# Need help with Dance Floor Maintenance questions



## soundguy99 (Aug 24, 2015)

Hi guys,
We have a large Marley dance floor 10 Strips total. Obviously it has some wear and tear on it from many years of dancers on it, from ballet to tap, & Jazz, even a few plays with some sets rolling across it.
I am just wondering if any one here can offer any advice of a product or technique they would recommend to take even some of the scuff marks off of the dance floor with out damaging it. 
We tried using a scrubbing machine, with a buff pad and although that made the dance floor shinny it didn`t remove the scuff marks.
Any advice or suggestions are greatly appreciated,
Thanks,
Soundguy


----------



## Colin (Aug 24, 2015)

In my experience scuffs are there to stay. I would stay away from buffing machines, which will just wear out the floor faster, alter its surface texture and not even buff deep enough to get out deep scuffs. 

How old and how much use on this floor?
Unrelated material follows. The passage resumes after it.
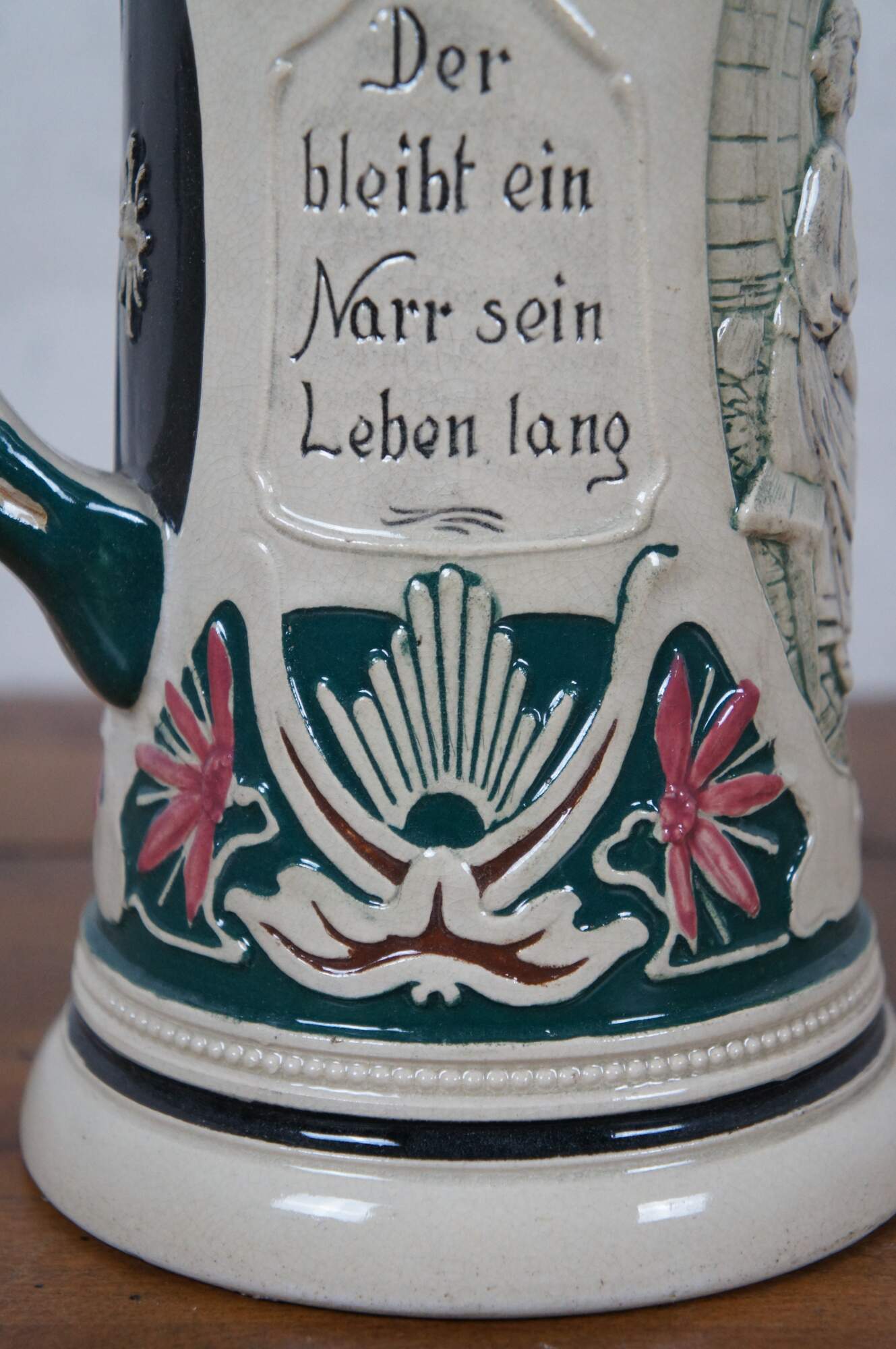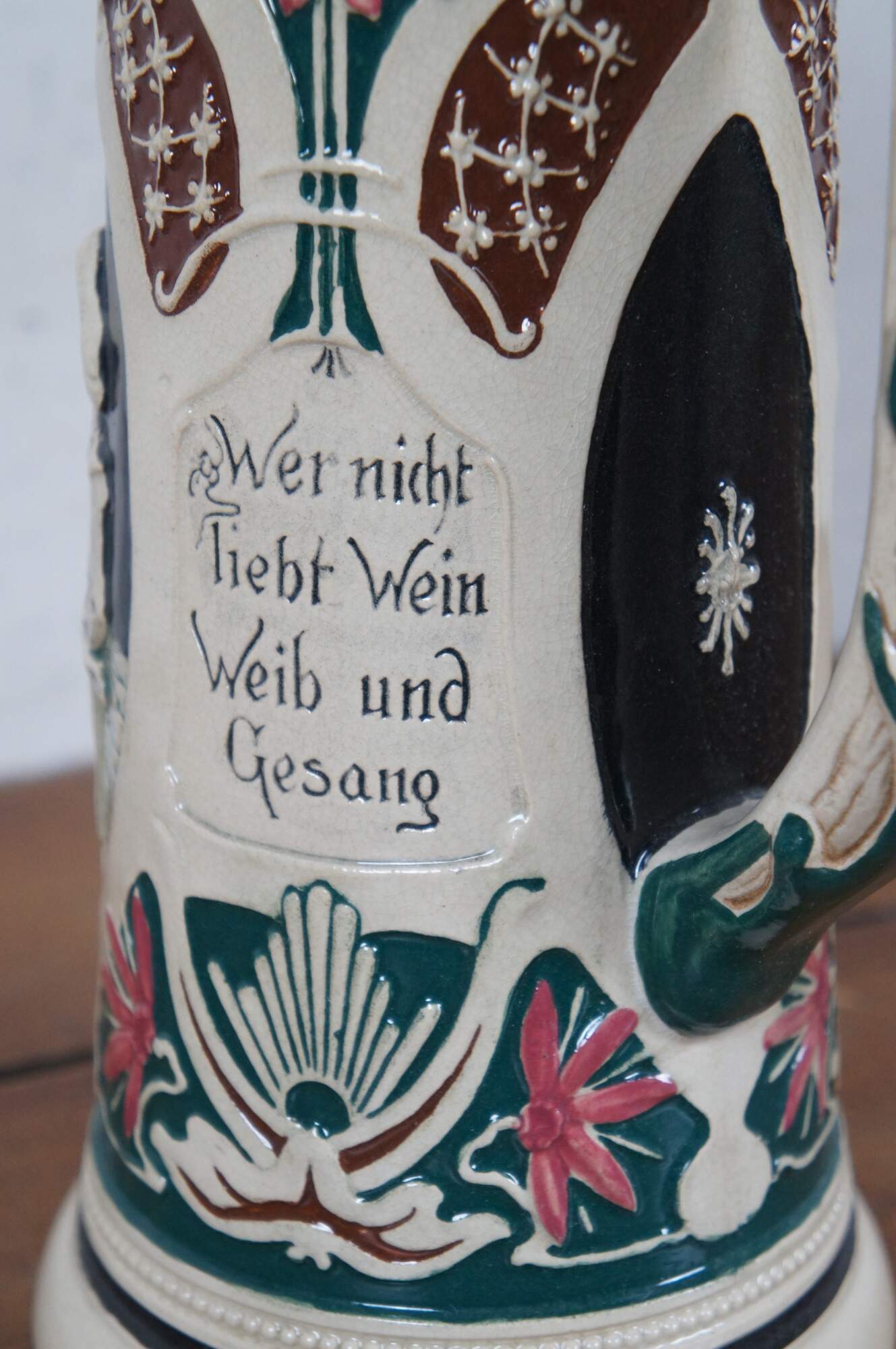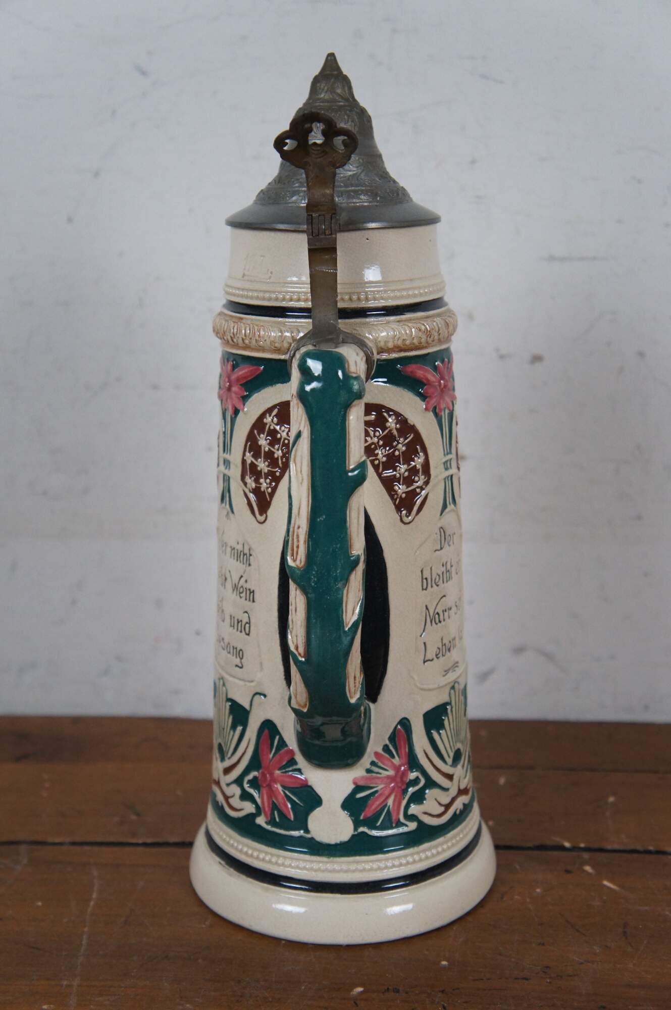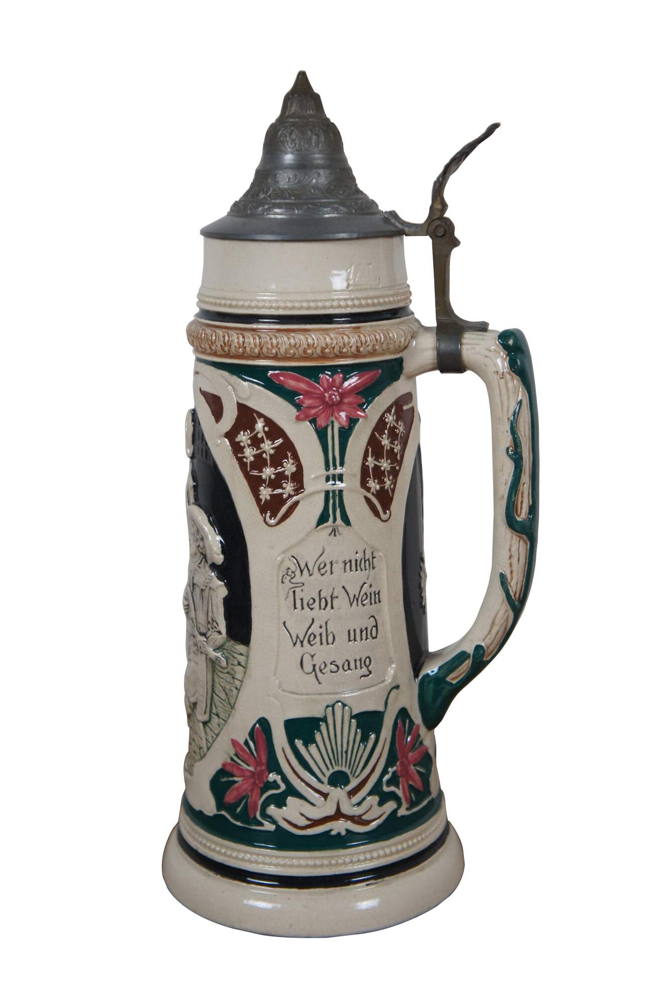 Circa mid 20th century 1 1/2 liter German stoneware stein decorated in green, brown, pink and black with flowers and figures seated at a tavern table, one playing a mandolin. Panels on either side read "Der bleiht ein Narr sein Leben lang" (He'll be a fool all his life) and "Wer nicht leibt Wein Weib un Gesang" (Who doesn't love wine, women and singing). Marked "Germany" on base. Patterned tin lid. Marked Germany on base.

Your floor may just be approaching end of life, or if it is a newish floor (sounds like it isn't) it may just be losing that new floor look (the scuffs tend to eventually even out to a patina that is more even and less of a distraction). 
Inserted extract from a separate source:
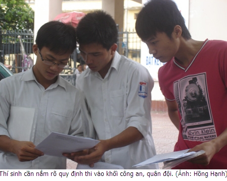 Thông tin từ Bộ GD-ĐT cho biết, thí sinh dự thi vào các trường công an, quân đội đều thi chung đề thi của Bộ GD-ĐT. Theo đó, tất cả thí sinh dự thi vào các Học viện, trường ĐH khối công an, quân đội đều phải qua sơ tuyển tại địa phương.
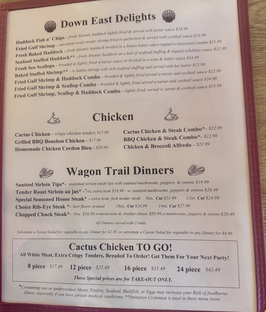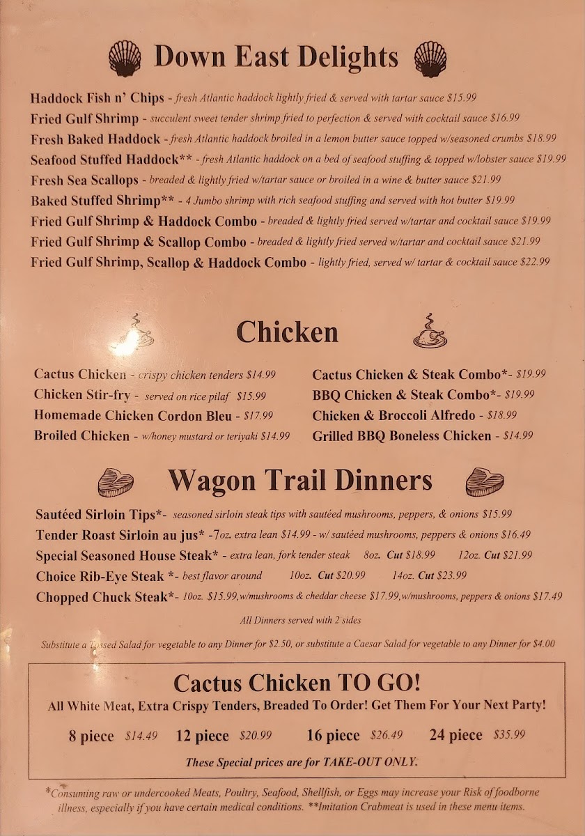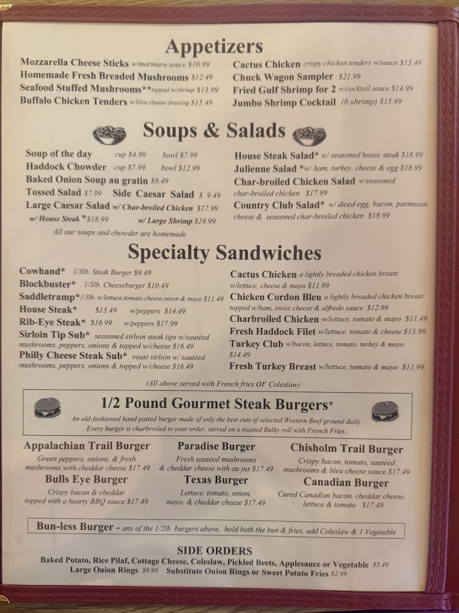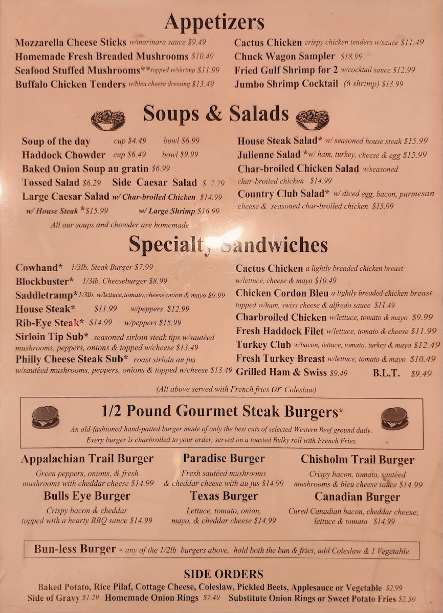 The Chuck Wagon Restaurant offers a menu that reflects a classic American dining experience, blending comforting dishes with a relaxed, welcoming atmosphere. The style is straightforward and approachable, featuring hearty portions that suit casual lunches or leisurely dinners in a cozy, small-town setting.

Depending on the style(s) of dance the floor is used for, making it shiny and scuff-free by buffing could make it too slick to dance on. I've actually had a company request to use an older floor dirty because when freshly mopped (with no-residue solution) it was too slick. Best option for managing scuffs I think is to keep dancing on it to even it out. Abrasives just shorten life.
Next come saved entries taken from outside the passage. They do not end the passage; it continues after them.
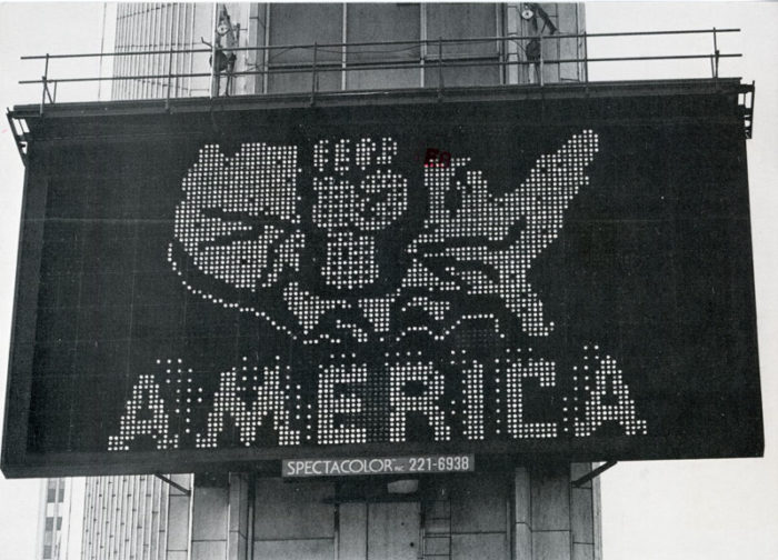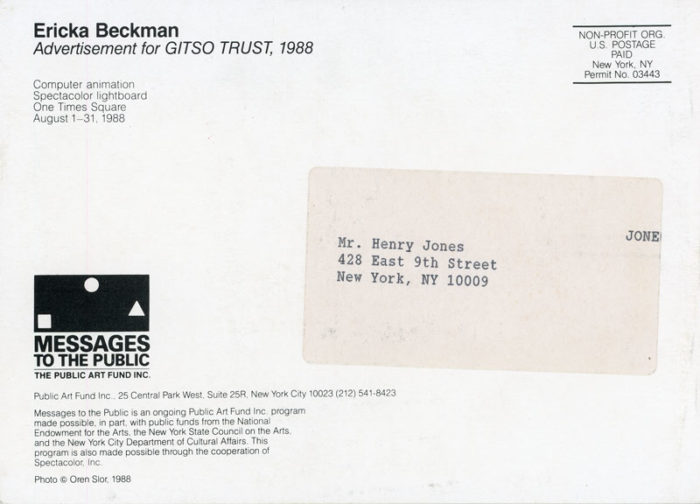 Postcard for Ericka Beckman’s Advertisement for GITSO TRUST spectacolor lightboard installation with Public Art Fund, 1988. Photo by Oren Slor.
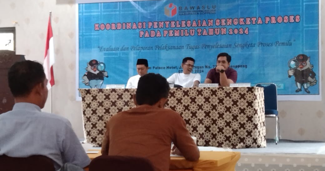 REPUBLIKNEWS.CO.ID, SOPPENG — Badan Pengawas Pemilu (Bawaslu) Kabupaten Soppeng menggelar Koordinasi Penyelesaian Sengketa proses pada Pemilu tahun 2024 di Aula Maryam Palace Watansoppeng, Minggu (07/04/2024).
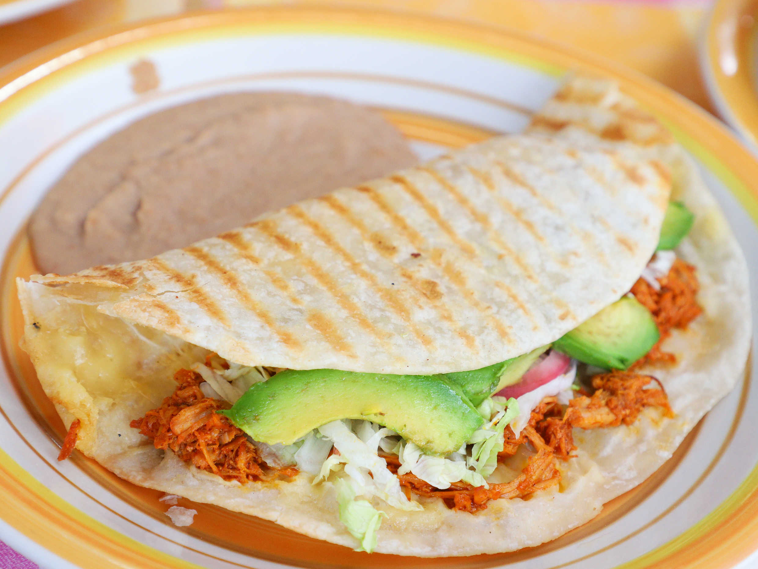 Tortilla de harina con queso manchego rellena de cochinita pibil acompañado de lechuga, cebolla curtida y aguacate. Servido con frijoles refritos.

Of course running scenery, pianos, et cetera over it takes a toll that you just have to accept if that is the type of venue you have. When you do get a new floor, save the old one for those high wear applications.


----------



## Footer (Aug 24, 2015)

Is this a portable floor or is it glued down?


----------



## soundguy99 (Aug 25, 2015)

Hi thanks for the reply's.
Unfortunately thats what I thought, The dance floor is not glued down, just rolled out and taped down, and taped.
Its fairly old, not quite sure when it was bought, I know at some point in the next few years that will be something that will be replaced, was just hoping in the meantime, we could maintain it a bit better, by even taking some of the scuff marks off. The once every 2 or 3 years type of maintenance, just to keep it looking in some what decent shape.
Did`t know if there was a product you could use or how other people maintained them.
Thanks again for the advice,
soundguy


----------



## Footer (Aug 25, 2015)

I try to do nothing more then just water or alcohol on mine. With that though we don't allow tap on our marley due the the wear it causes. Our marley is more rubbery so it does not take to taps well.


----------



## jstroming (Aug 26, 2015)

As others have said you can't really remove the scuff marks. However being in the know on these things, a foreign dance floor manufacturer is about to enter the market and attempt to knock harlequin off its perch with a dance floor that is a lot cheaper and apparently the same build quality. I have 2 rolls in my shop and will be testing out on a tour going out in a few weeks.


----------



## Colin (Aug 27, 2015)

jstroming said:


> As others have said you can't really remove the scuff marks. However being in the know on these things, a foreign dance floor manufacturer is about to enter the market and attempt to knock harlequin off its perch with a dance floor that is a lot cheaper and apparently the same build quality. I have 2 rolls in my shop and will be testing out on a tour going out in a few weeks.



Very interested in what you think of this mysterious new floor and when/where it will be available in the US. I'll need to buy one in the next year or two. Is it thick like Allegro?


----------



## jstroming (Aug 27, 2015)

Colin said:


> Very interested in what you think of this mysterious new floor and when/where it will be available in the US. I'll need to buy one in the next year or two. Is it thick like Allegro?



Honestly I haven't even opened the pallet yet from the manufacturer. I will in about a week when we get to staging.


----------



## SHCP (Aug 27, 2015)

I had a dancer do a slide in Rubber Sole workbooks. Ouch. I was able to remove the stripe only because I got to it right away. I used automotive rubbing compound by hand. Downside, it did alter the texture of the floor and is noticeable. Not as bad as a big black stripe, but it does look like a shiny mark on the floor. I am hoping time heals this particular wound.


----------